→ What to do
Only the lines below from the one that contains "禮縣大堡子山遺址秦代銅編鐘發(fā)掘現(xiàn)場(chǎng)" through the one that contains "وقال الصدر في" should appear in your answer, exact and without pictures.

→ Records shown
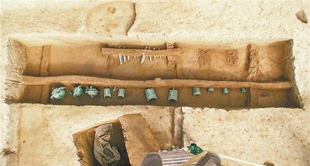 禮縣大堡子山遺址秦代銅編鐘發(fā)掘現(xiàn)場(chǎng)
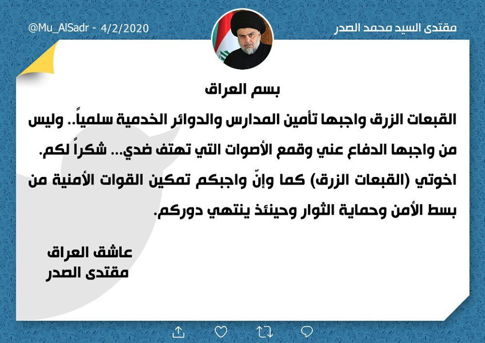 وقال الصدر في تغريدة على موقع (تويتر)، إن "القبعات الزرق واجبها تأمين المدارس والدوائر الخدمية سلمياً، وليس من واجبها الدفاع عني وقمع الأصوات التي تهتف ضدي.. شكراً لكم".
* * *
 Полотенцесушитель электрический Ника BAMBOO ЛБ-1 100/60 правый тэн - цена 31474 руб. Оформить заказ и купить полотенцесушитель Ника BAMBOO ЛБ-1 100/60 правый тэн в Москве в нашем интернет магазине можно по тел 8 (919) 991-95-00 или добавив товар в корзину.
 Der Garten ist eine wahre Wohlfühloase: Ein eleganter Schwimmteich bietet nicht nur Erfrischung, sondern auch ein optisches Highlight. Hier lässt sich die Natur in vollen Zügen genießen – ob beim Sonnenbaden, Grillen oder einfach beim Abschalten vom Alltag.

→ Written answer
 禮縣大堡子山遺址秦代銅編鐘發(fā)掘現(xiàn)場(chǎng)
 وقال الصدر في تغريدة على موقع (تويتر)، إن "القبعات الزرق واجبها تأمين المدارس والدوائر الخدمية سلمياً، وليس من واجبها الدفاع عني وقمع الأصوات التي تهتف ضدي.. شكراً لكم".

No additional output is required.